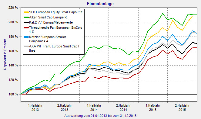 Nahezu 30 der mehr als 200 Fonds starken Peergroup erzielen 2015 einen Wertzuwachs von über 30 Prozent. Der Star unter diesen Fonds ist der SEB European Equity Small Caps (ISIN: LU0099984899). 39,2 Prozent geht es 2015 rauf. Seit seiner Auflegung 1999 erzielt der Fonds einen Wertzuwachs von 205,5 Prozent. Mittelfristig trägt der SEB-Fonds die FondsNote 1 - sie misst das Rendite-Risiko-Verhältnis über vier Jahre. Aktuell kostet der 351,6 Millionen Euro schwere Fonds 1,66 Prozent. Ebenfalls die FondsNote 1 trägt der Alken Small Cap Europe (ISIN: LU0300834669). 32,2 Prozent erzielt er in 2015. 287,6 Millionen Euro sind in den Fonds investiert. Mit einer TER von 2,1 Prozent ist er jedoch deutlich teurer als der SEB-Fonds.
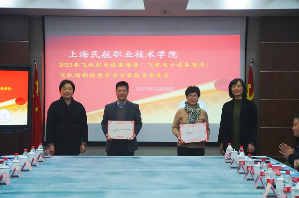 会上,民航维修学院王志豪副院长向专家们简要介绍了我院基本情况,特别对民航维修学院专业设置、师资建设、课程建设等进行了重点介绍。王立新、杨征两位副院长为出席会议的地面、通航、无人机三个专业的专家颁发聘书;潘云、倪轶群两位处长为出席会议的机电、电子、结构三个专业的专家颁发聘书。
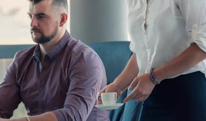 - Дура блин! Чего по сторонам смотришь, когда горячий кофе ставишь!
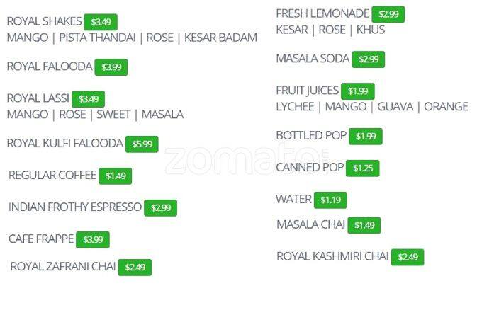 royal paan menu
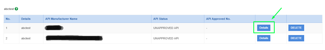 - If the API manufacturer is not found from the list. Please click "Not Listed API Manufacturer" and fill up the form to request for listing.

================================

TASK ITEM. Restate word for word the lines that begin at the one containing "- Дура блин!" and end with the final line of the records. Pictures stay out.

ANSWER BELOW.
 - Дура блин! Чего по сторонам смотришь, когда горячий кофе ставишь!
 royal paan menu
 - If the API manufacturer is not found from the list. Please click "Not Listed API Manufacturer" and fill up the form to request for listing.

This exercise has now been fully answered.